Almost as revealing as the leaked documents themselves, however, was the recent interview given to the BBC by the CRU's suspended director, Dr Phil Jones, who has played a central role in the global warming scare for 20 years, not least as custodian of the most prestigious of the four global temperature records relied on by the IPCC. In his interview Jones seemed to be chucking overboard one key prop of warmest faith after another, as he admitted that the world might have been hotter during the Medieval Warm Period 1,000 years ago than it is today, that before any rise in CO2 levels temperatures rose faster between 1860 and 1880 than they have done in the past 30 years, and that in the past decade their trend has been falling rather than rising.
The implications of all this for the warming scare, as it has been presented to us over the past two decades, can scarcely be overestimated. The reputation of the IPCC is in shreds.

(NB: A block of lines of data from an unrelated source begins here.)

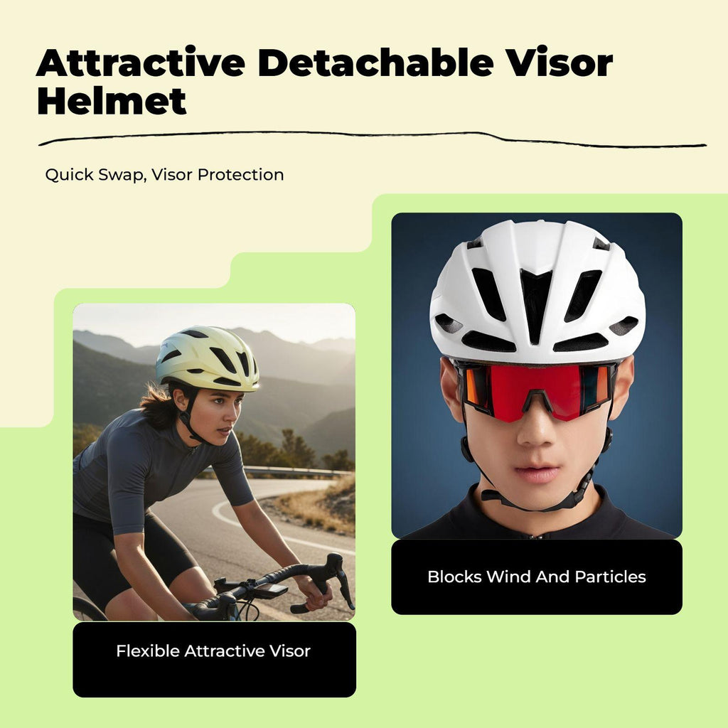 【Adaptable Bike Helmet for Street and Terrain】This cycling helmet is designed for both urban and trailpath riding, trailering dependable safety protection and comfort for adult men and women during commuting or recreational cycling.【Breathable and Lightweight Design】Featuring multiple air vents and a lightweight build, this helmet provides superb ventilation and reduces fatigue on long rides, making it perfect for urban commutes and trail excursions.【Snap-On Detachable Goggles】Equipped with snap-on goggles, this helmet delivers windproof, dustproof, and sun protection, effectively safeguarding your eyes and enhancing your riding experience in diverse conditions.【Adjustable Fit for Universal Adult Use】The adjustable dial, straps, and soft chin pad allow for a customized, snug-fit suitable for riders aged 14 and over, ensuring comfort for both men and women.【Sturdy and collision-Absorbing Materials】Crafted with an ABS shell and dense foam, this helmet trailers dependable shock absorption and enhanced durability, promoting overall safety throughout your cycling outing.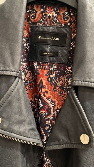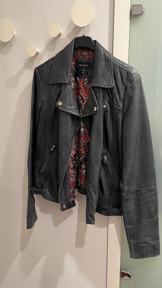 Cazadora de cuero con un diseño moderno y elegante. Su forro interior presenta un estampado llamativo. - Cierre de cremallera. - Bolsillos frontales con cremallera. - Puños ajustables. - Detalle de pespuntes en hombros y mangas.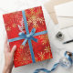 Papel De Presente Flocos de neve de inverno Dourados do Crimson Verm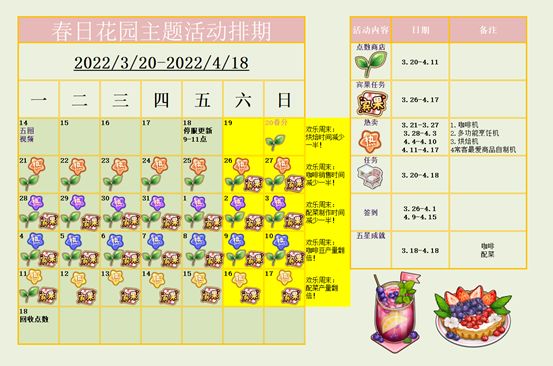 亲爱的各位店长大大~春天来啦,我们也将开启春日花园主题活动!【更新时间】3月18日9点,预计时间2小时,请各位店长大大合理安排游戏时间。【活动排期】【主要更新内容】春日花园主题活动(3月20日 - 4月18日)1.新增春日花园主题收藏,宾果活动,点数商店活动。2.新增春季专属任务,春季专用菜单。3.新增春季限时热卖活动。4.商店限时上架春日花园主题厨房,内装,外装道具。5.特殊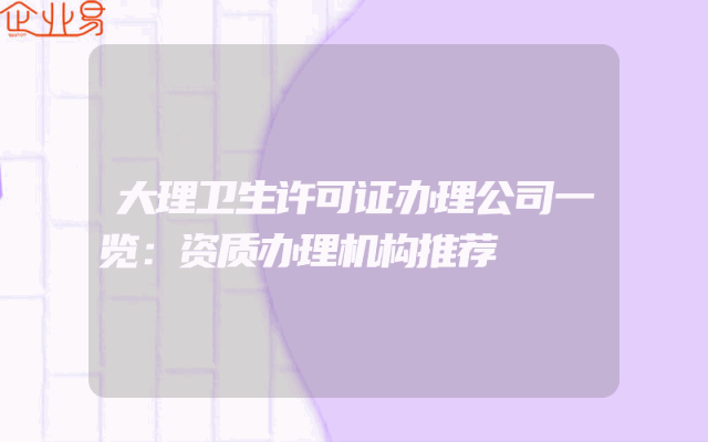 - 大理卫生许可证办理公司一览:资质办理机构推荐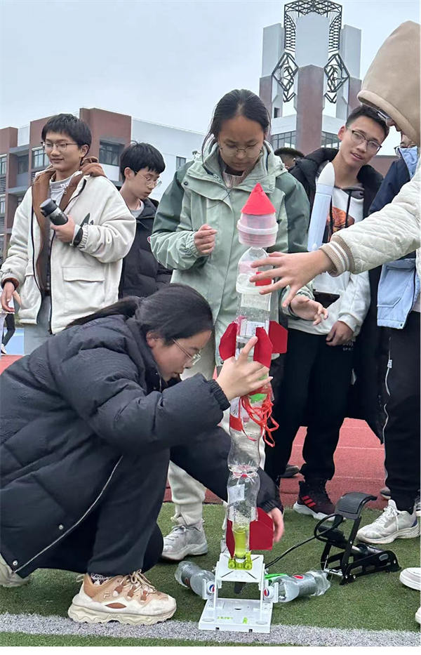 自活动发布以来,高一年级学生热情高涨,踊跃报名,积极地向负责老师咨询学习,他们利用课间活动时间搜集资料、自主设计、准备器材、调试仪器,最终完成自己的作品。12月13日下午第四节课,选手们带着装备精良的“水火箭”集中在比赛场地展开激烈角逐。随着比赛开始,一件件“艺术品”被摆放在操场上,通过注水、打气......“嗖”的一声,“水火箭”在空中划出一道美丽的弧线,尾部喷出一股股水流,现场水花四溅,一道道强大的水柱将火箭猛烈地推向了高空……,伴随着一个个“水火箭”的升空,场面气氛显得愈加热烈、紧张。整个比赛持续了近一个小时,同学们各显神通,掌声、惊叹声、欢呼声此起彼伏,精彩的比赛活动让在场的每一个人都非常激动,给参与观摩的师生带来了一场精彩的学科文化盛宴。
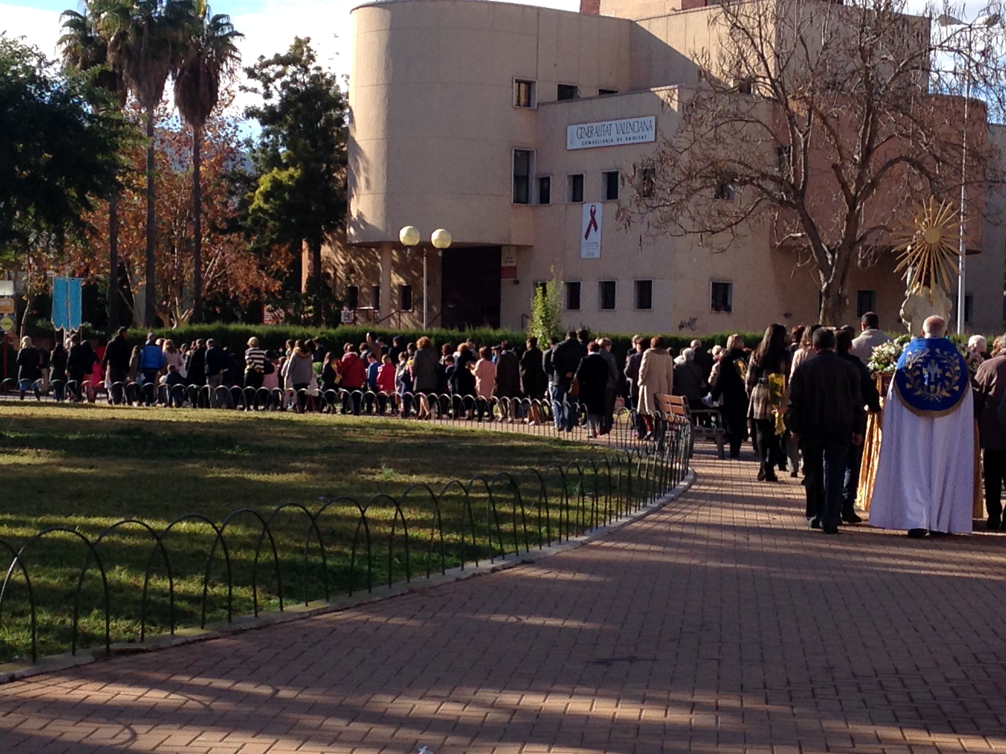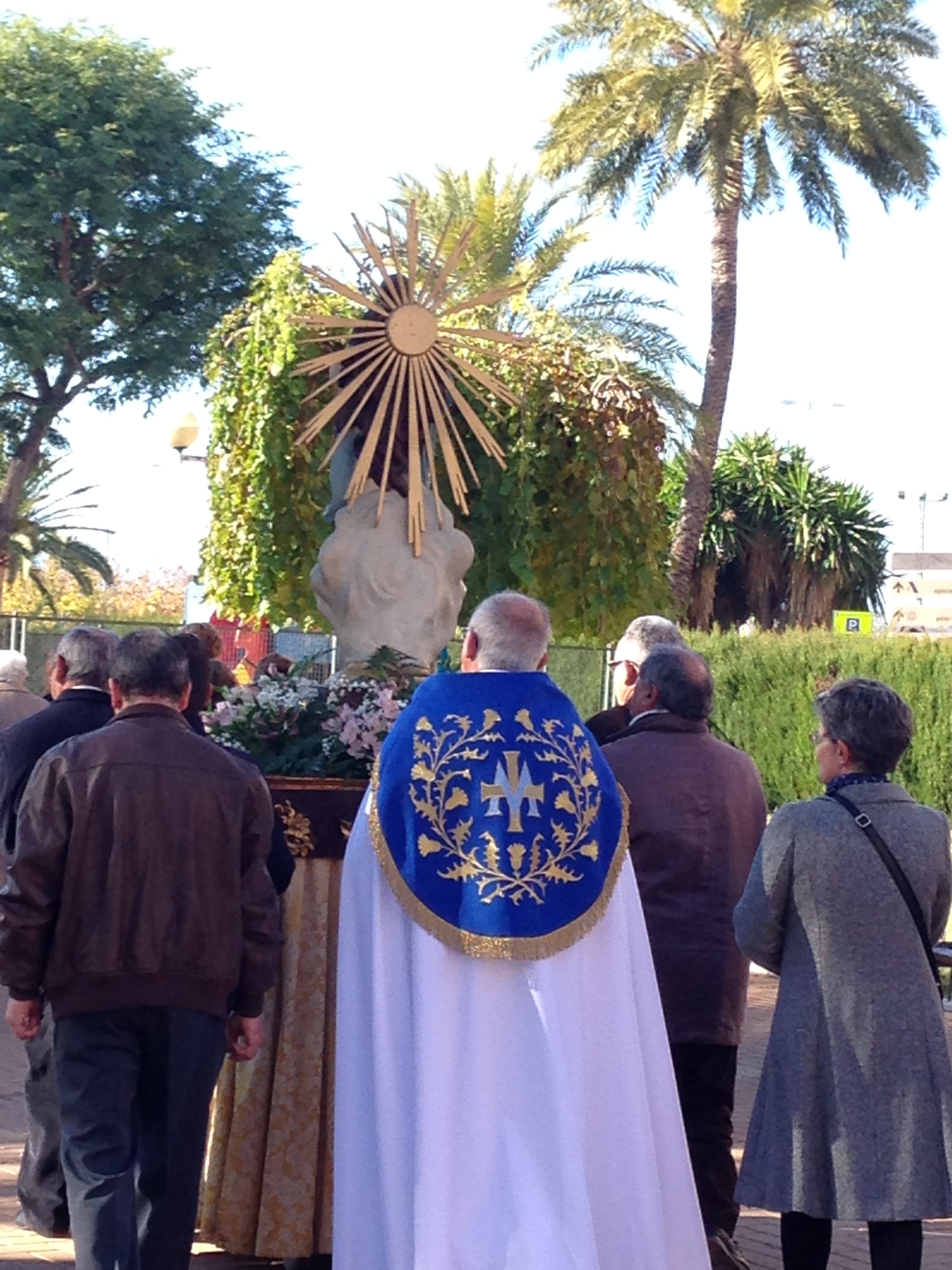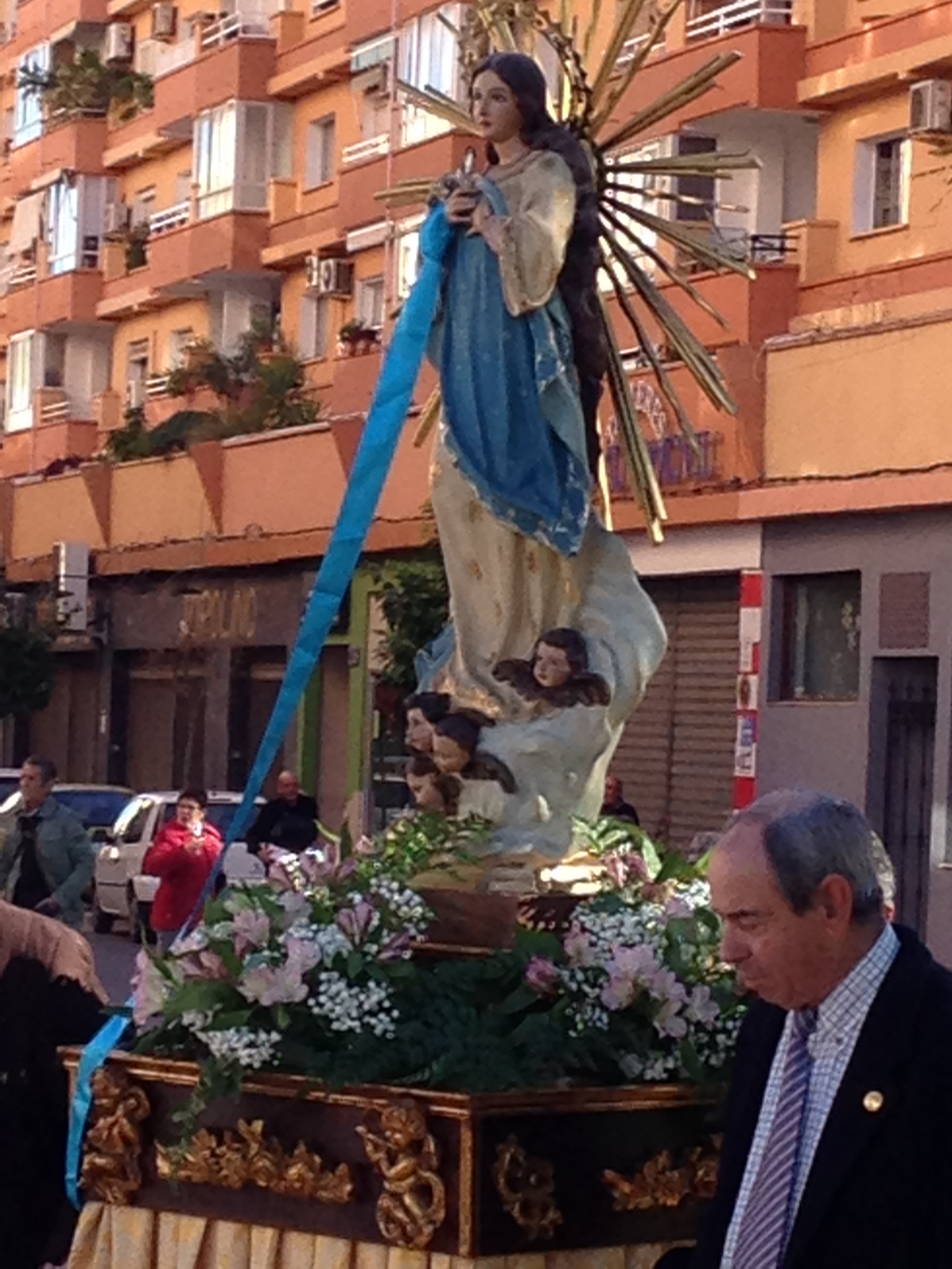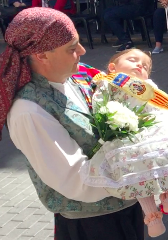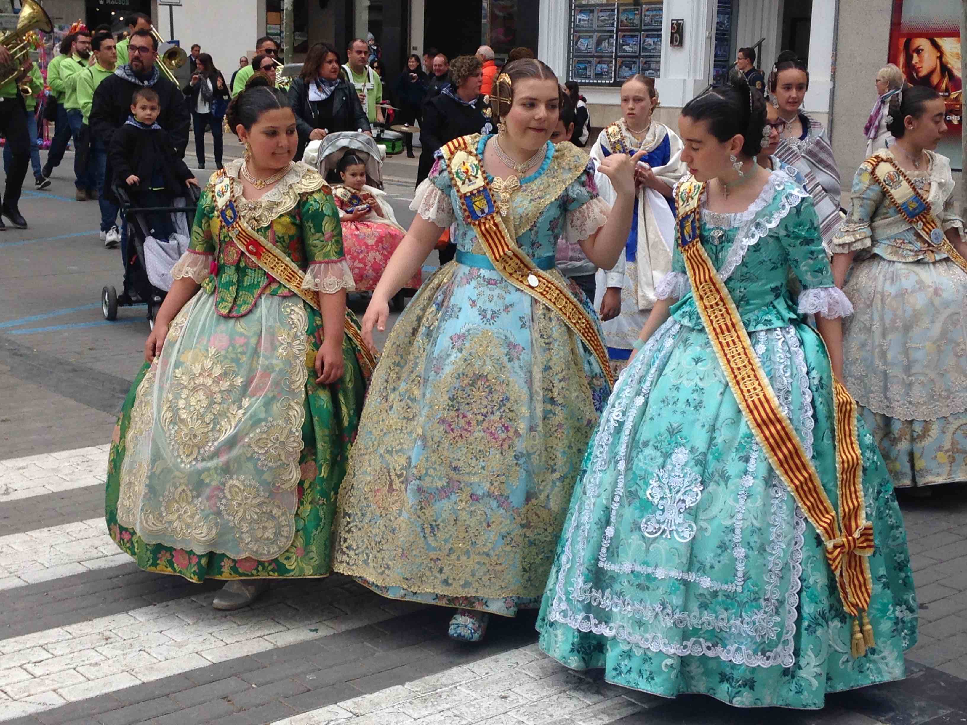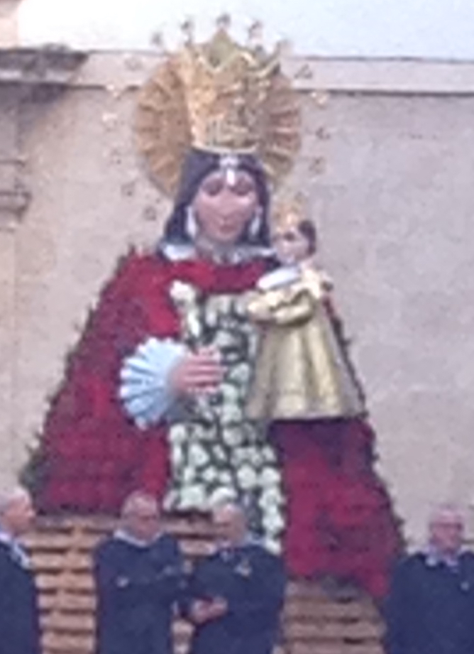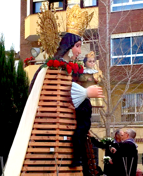 The ‘May Queen’ style event. Men and women, babies, girls and boys, all parade through every district of the town, passing each of the tableaux in turn. Once all the exhibits have been visited, each person then collects and carries a bunch of white or red carnations through the town centre. A wood framed Madonna, built outside a local church, is carefully, tenderly, stuffed with the bunches of carnations by the processions of Fallas participants. These people must walk miles during this progress.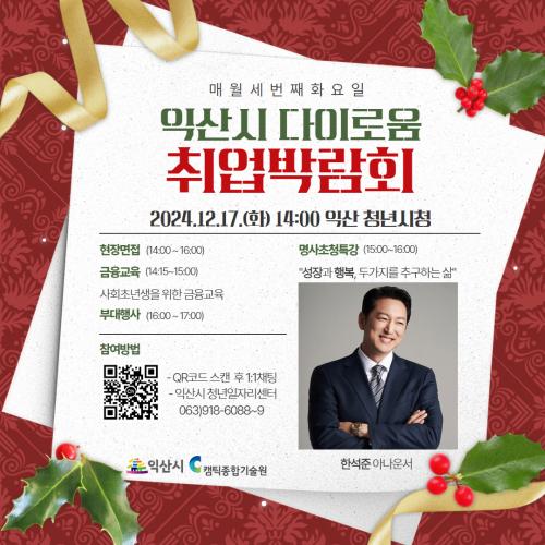 ÇÑÆí, ÀÍ»ê½Ã´Â Áö³ÇغÎÅÍ ÀÏÀÚ¸® Á¤Ã¥ÀÇ Çϳª·Î ¸Å¿ù û³â½Ãû¿¡¼ ´ÙÀ̷οò Ãë¾÷¹Ú¶÷ȸ¸¦ ÃßÁøÇϰí ÀÖ´Ù. ³»³âºÎÅÍ Ãë¾÷¹Ú¶÷ȸ¸¦ ¦¼ö¿ù °³ÃÖ·Î º¯°æÇØ ±Ô¸ð¸¦ Ű¿ì°í ³»½ÇÀ» °ÈÇÒ ¿¹Á¤ÀÌ´Ù.

The ClimateGate scandal is serious, wide, and deep. Everyone knows it now -- even liberal Democrats. That's why Obama's remark in his State of the Union address about the so-called "overwhelming scientific evidence on climate change" drew smiles, snickers, laughter and even a few hoots.
The multi-billion dollar climate change game is just about up. Snake-oil "science" isn't going to cut it anymore.